[Start of Attachment]

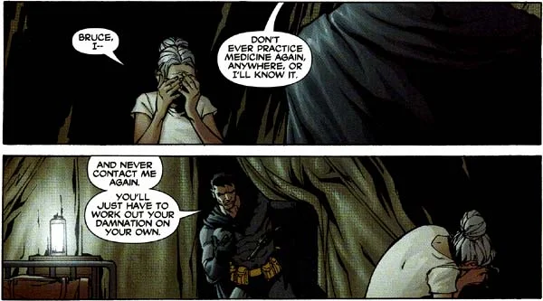 During the War Games storyline (2004-2005) Dr. Thompkins treats a critically injured Stephanie Brown (Spoiler, Robin). When Batman comes to see Stephanie, he discovers she has died. He later learns that Dr. Thompkins let Stephanie die to teach Bruce a lesson about using children in his war on crime. Bruce tells her to stay in Africa where she went to do missionary work. Bruce tells her he considers her a murderer now and if she returns to the US he will arrest her.
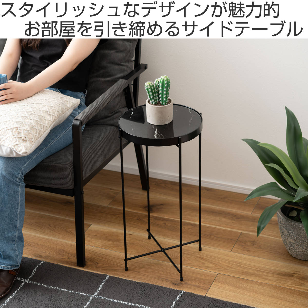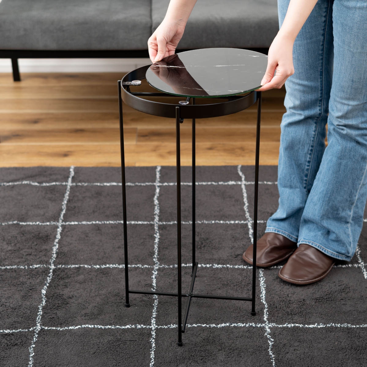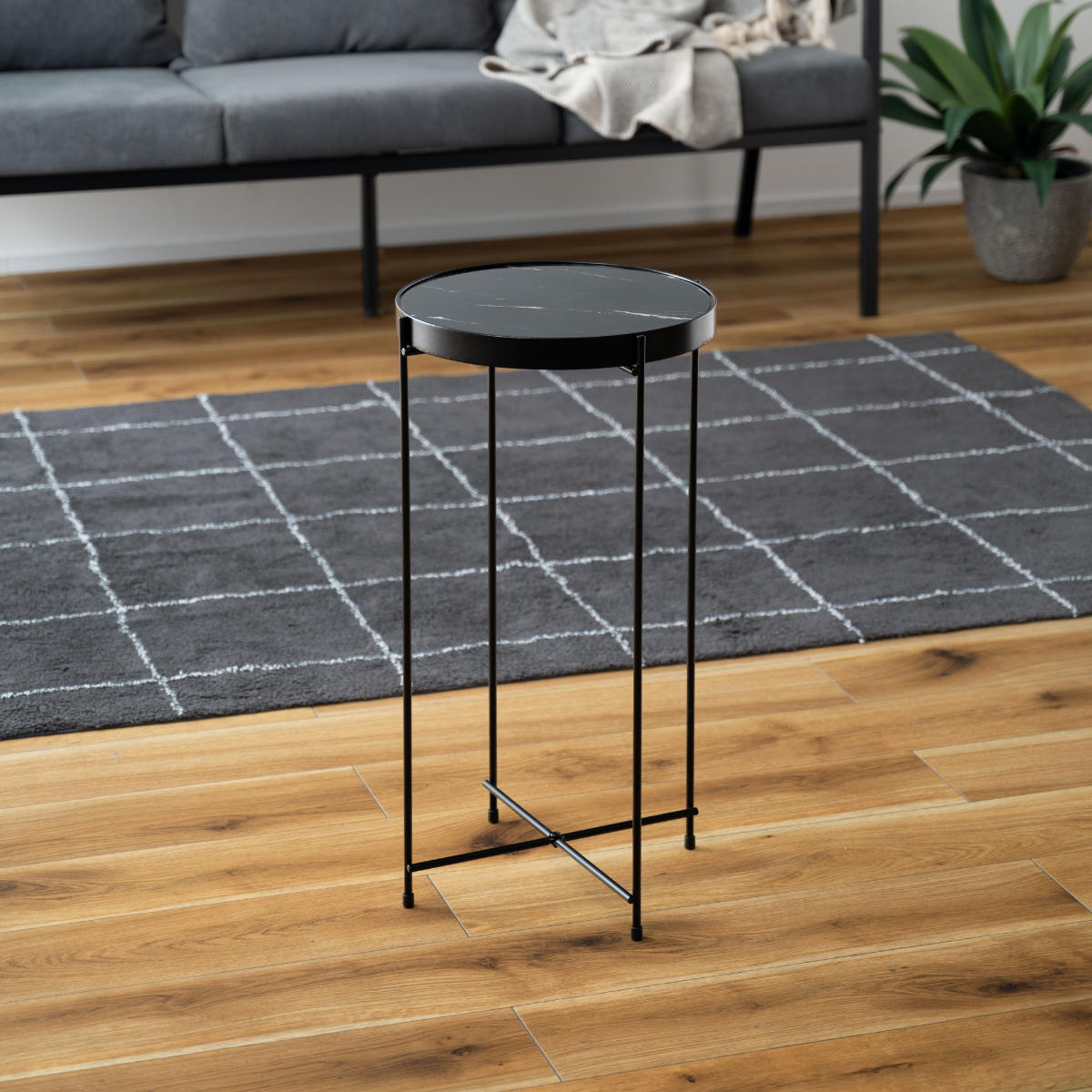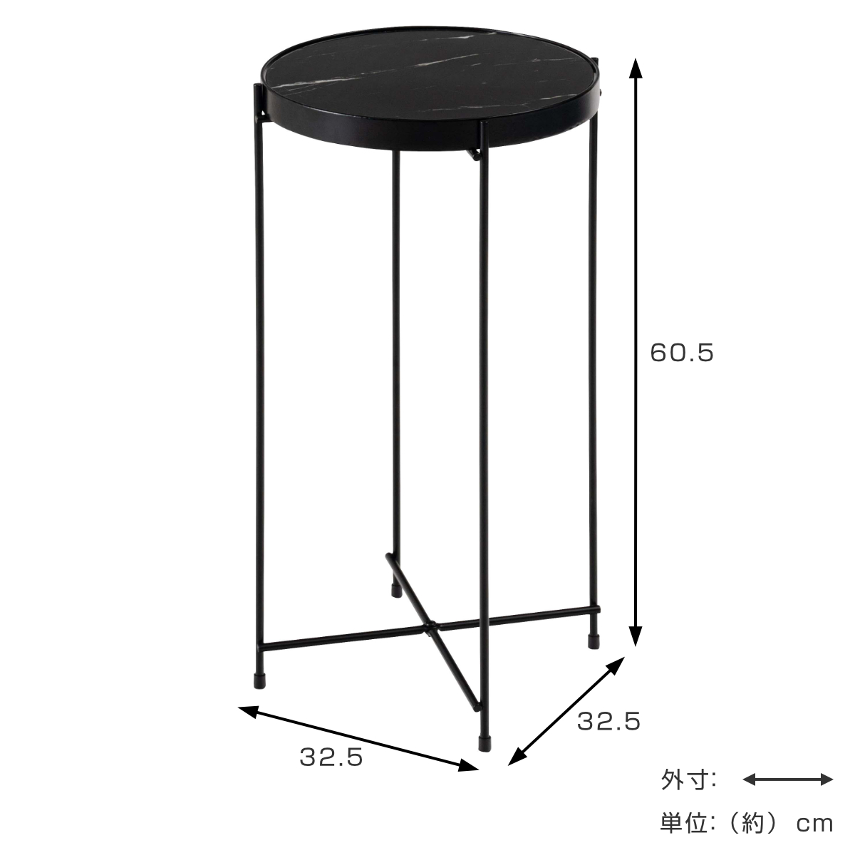 サイドテーブル 円型 高さ60.5cm 石目調 ( 丸 ラウンド ハイタイプ ガラス 天板 ナイトテーブル ミニテーブル ソファ ベッド 横 スチール 軽量 軽い ブラック 黒 高級感 シンプル おしゃれ モダン )
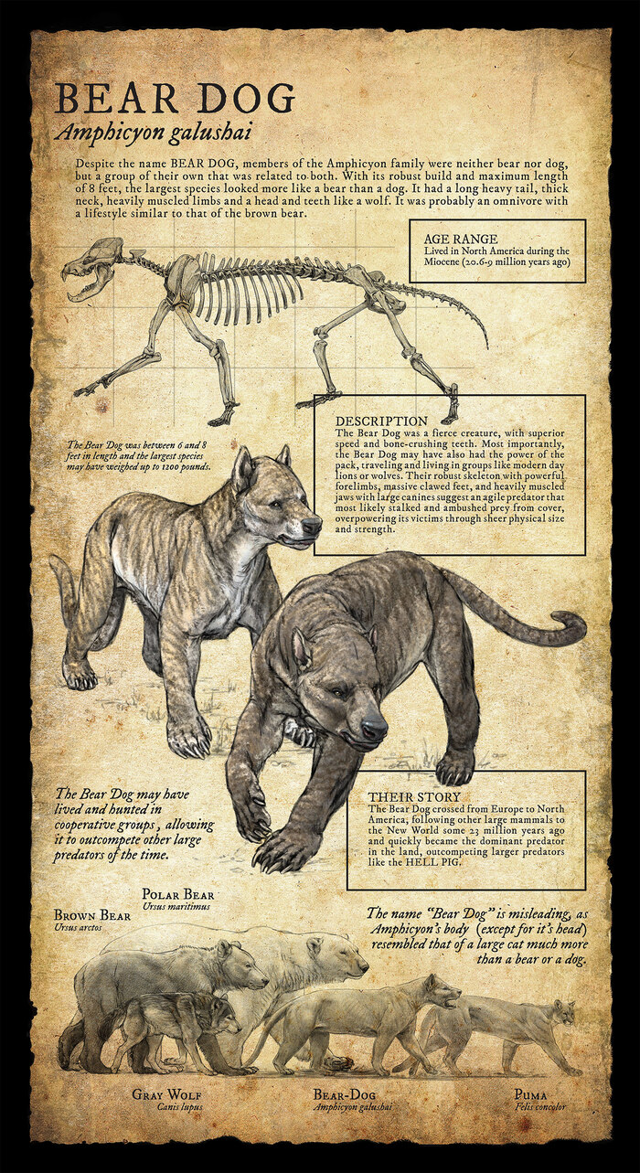 Медвежья собака перебралась из Европы в Северную Америку, следуя за другими крупными млекопитающими в Новый Свет около 23 миллионов лет назад, и быстро стала доминирующим хищником на суше, вытеснив более крупных хищников, таких как АДСКАЯ СВИНЬЯ.

[End of Attachment]

### Prompt
Pictures are skipped here. Print exactly, and only, the lines from the one holding "サイドテーブル 円型 高さ60.5cm" through the final line of the material above, both ends included.

### Result of the exercise
 サイドテーブル 円型 高さ60.5cm 石目調 ( 丸 ラウンド ハイタイプ ガラス 天板 ナイトテーブル ミニテーブル ソファ ベッド 横 スチール 軽量 軽い ブラック 黒 高級感 シンプル おしゃれ モダン )
 Медвежья собака перебралась из Европы в Северную Америку, следуя за другими крупными млекопитающими в Новый Свет около 23 миллионов лет назад, и быстро стала доминирующим хищником на суше, вытеснив более крупных хищников, таких как АДСКАЯ СВИНЬЯ.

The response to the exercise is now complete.